Depois de fazer o curso, comecei a fazer um levantamento do que eu precisava para começar a revisar as matéria que deveriam ser dominadas antes do quadrimestre começar. Primeira dificuldade: achar um esquema que mostre a progressão lógica da matemática, o que você deve saber primeiro, e o que vem depois disso, e o que precisa ser dominado para se estudar um determinado assunto. Fiz isso de um jeito meia-boca, e quando comecei a estudar parei no problema que atinge a maioria das pessoas: não sabia coisas básicas como MMC, MDC, multiplicação de frações, expoentes negativos, e o pior de tudo, quando tudo isso aparece na mesma questão.
Procurei em alguns livros o que precisava para dominar os conceitos num tempo hábil e sem passar por coisas que não usaria nos conteúdos cobrados, pois não haveria tempo. Mas ainda assim faltava um cronograma, um esquema organizacional onde estivesse claro onde eu estava, onde eu precisaria chegar, e qual o caminho certo. Lembrei que um professor no cursinho havia falado a respeito dessa tal Khan Academy, porém havia dito que os vídeos eram em inglês, o que me afastou dela até aquele momento. Mas, já que eu estava travado mesmo e sem previsão de quando eu desencalharia resolvi verificar. Qual não foi minha surpresa ao verificar que eu entendi as aulas de Salman (o cara que fundou a Khan Academy) na lígua de Tio Sam? Bom, já era um excelente começo. Vi como funcionava os exercícios que mostravam se você havia dominado o assunto ou não e também o Knowledge map, um mapa em forma de constelação que mostra os assuntos dominados e sugere assunto novos para se estudar. Era o que eu precisava.

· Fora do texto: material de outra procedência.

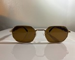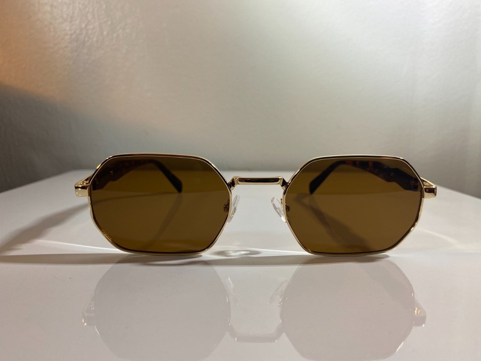 - Unisex, oval shaped sunglasses with brown lenses and gold wire frame.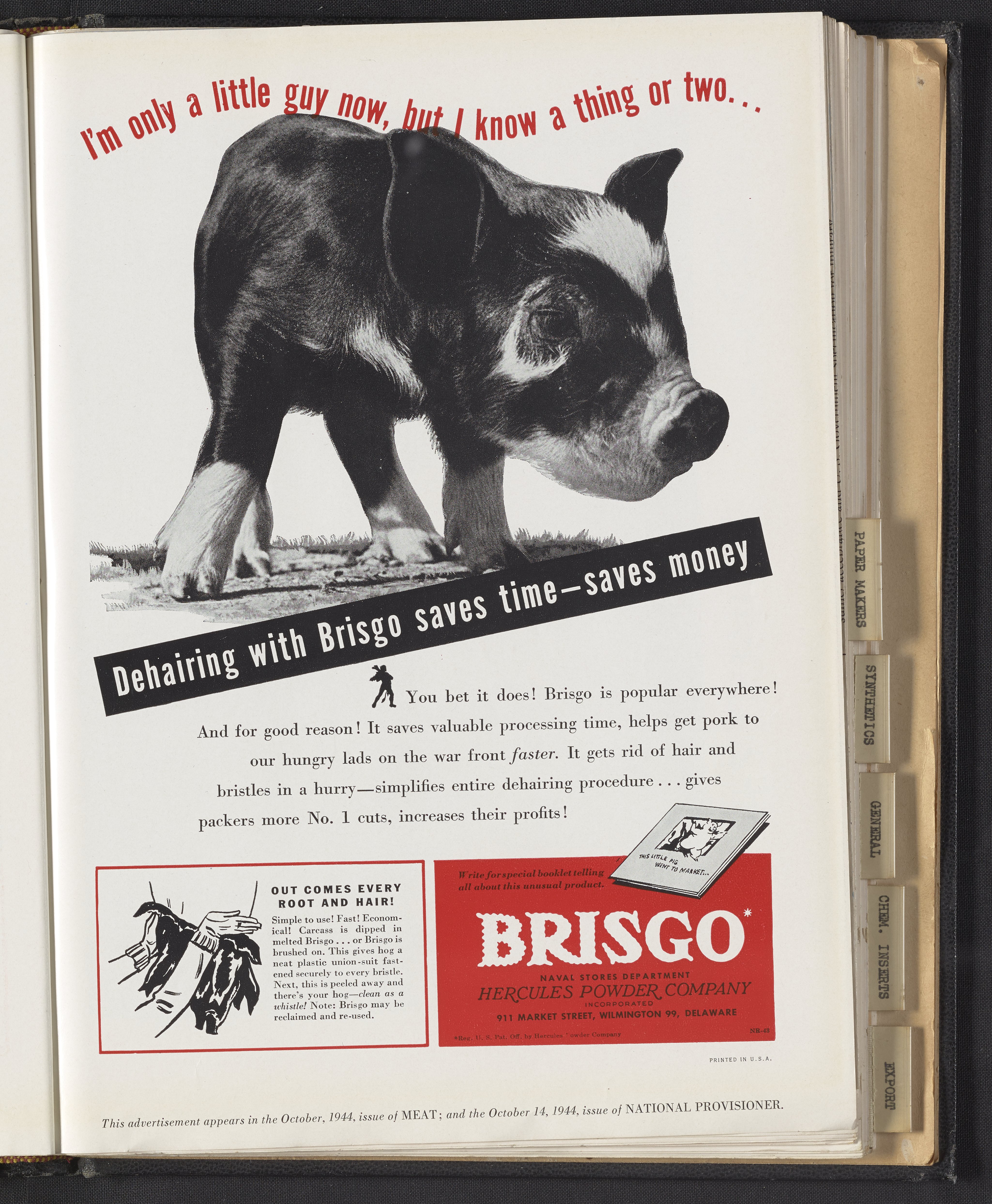 Hercules Incorporated. “Dehairing with Brisgo Saves Time--Saves Money.” 1944 Hercules Advertisements, 1944. Records of Hercules Incorporated, Volume 1944. Science History Institute. Philadelphia. https://digital.sciencehistory.org/works/3x816n37j.

Percebi o quão importante esse recurso estava sendo para mim, quanto tempo me poupou, quanta autonomia me dava, quantas desculpas destruía e resolvi verificar mais. Pesquisei na internet e descobri que Salman Khan tinha um livro falando sobre suas idéias e sobre a Khan Academy. Mais ou menos uns dois dias depois me deparei com o livro no lugar onde eu trabalho (é uma livraria, não foi um milagre, talvez um fenômeno de sincronicidade). Dei um jeito e arranjei o livro, o segundo livro que li este ano que realmente me acrescentaram algo (o primeiro é Olhai os Lírios do Campo, de Érico Veríssimo. Houve um tempo senhores, em que livros como esse eram best-sellers.).
Um livro simples, fácil de ler e, respeitáveis e restritos leitores desse espaço, se existem, permito-me dizer revolucionário. Sim, um livro que quebra paradigmas educacionais, propões idéias, arranja soluções, mostra problemas e também a limitações em resolvê-los, mas nunca se abatendo, sempre passando a mensagem e mostrando o quanto é possível fazer com esperteza e boa vontade.
Faltam recursos para brasileiros que não dominam um pouco de inglês, mas algumas iniciativas surgem para disseminar essa ferramenta como a Fundação Lemann que firmou uma parceria para tradução das aulas de matemática.
Surge em mim, uma esperança autêntica de que com essa ferramente haverá mudanças significativas no Brasil, a médio e longo prazo. Qualquer pessoa com um mínimo de seriedade e conhecimento cultural geral sabe que o maior problema do Brasil é a educação e depois de ler o livro de Salman vi como é possível evoluir a educação em um tempo menor do que se convencionava. Medidas como bolsa família, maior policiamento e parceria com a iniciativa privada para a criação de mais empregos atacam os sintomas mas não a doença brasileira, que é a burrice e a ignorância, a falta de educação, no sentido ético e acadêmico.
Ninguém quer ou gosta de ser burro, ignorante, e saber o quanto sua vida é limitada por isso. Como diz no livro educação não é questão de "índices de aprendizado nem de resultado de provas. Trata-se do significado de tudo isso para a vida das pessoas. Trata-se de potencial realizado ou desperdiçado, dignidade viabilizada ou negada."*
*Khan, Salman. Um mundo, uma Escola. A educação Reinventada. Rio de Janeiro, Intrínseca, 2013.